I don't think anyone seriously cares about the thanks. I do it just because there might be benefit in reinforcing tipping.


----------



## Grubhubflub (Jun 16, 2018)

I no longer send thanks for the tip unless I get at least $5 over the original offer.


----------



## FLKeys (Dec 27, 2018)

Grubhubflub said:


> I no longer send thanks for the tip unless I get at least $5 over the original offer.


Am I reading this right? If you get an offer for $8.00 and complete it and it is $2.00 for the delivery and a $6.00 tip you don't sent a thanks unless they bump the tip up to $11.00 for a total of $13.00?


----------



## Ms. Mercenary (Jul 24, 2020)

That was my dilema. I _did_ agree to the fare, and I got paid even more than promised, so ordinarily I would happily and eagerly thank the person; but that was because of the other customer in the stack.

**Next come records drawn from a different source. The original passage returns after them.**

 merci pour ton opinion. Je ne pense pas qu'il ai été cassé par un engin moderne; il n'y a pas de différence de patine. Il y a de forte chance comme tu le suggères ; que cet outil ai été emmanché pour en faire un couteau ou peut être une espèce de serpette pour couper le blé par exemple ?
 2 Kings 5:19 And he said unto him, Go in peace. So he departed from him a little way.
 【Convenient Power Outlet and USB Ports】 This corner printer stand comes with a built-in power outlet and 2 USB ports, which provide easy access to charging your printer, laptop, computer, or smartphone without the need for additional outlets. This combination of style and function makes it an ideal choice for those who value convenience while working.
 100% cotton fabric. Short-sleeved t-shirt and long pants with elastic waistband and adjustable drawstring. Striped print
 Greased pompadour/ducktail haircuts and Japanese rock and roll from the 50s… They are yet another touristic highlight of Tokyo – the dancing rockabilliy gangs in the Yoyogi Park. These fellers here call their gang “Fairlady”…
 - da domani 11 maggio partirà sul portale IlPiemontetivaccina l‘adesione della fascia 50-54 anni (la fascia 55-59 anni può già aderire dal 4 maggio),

I ended up thanking her. For that specific reason: I agreed to the fee. But I made a face while sending the thanks, and said “Thank you, *****!” out loud in a really nasty tone.


----------



## Grubhubflub (Jun 16, 2018)

FLKeys said:


> Am I reading this right? If you get an offer for $8.00 and complete it and it is $2.00 for the delivery and a $6.00 tip you don't sent a thanks unless they bump the tip up to $11.00 for a total of $13.00?


I don't take $8 orders, bro.


----------



## Ms. Mercenary (Jul 24, 2020)

Grubhubflub said:


> I don't take $8 orders, bro.


Send ‘em my way. I take 1-2 mile $8 orders all day. I did, actually, just a few hours ago. Morning deliveries are usually 1-2 miles, around $8-10. I shuttle back and forth between 2 bagel joints and local folks. Love it!


----------



## Uberdriver2710 (Jul 15, 2015)

Ms. Mercenary said:


> Send ‘em my way. I take 1-2 mile $8 orders all day. I did, actually, just a few hours ago. Morning deliveries are usually 1-2 miles, around $8-10. I shuttle back and forth between 2 bagel joints and local folks. Love it!


I need to get on that bagel train!


----------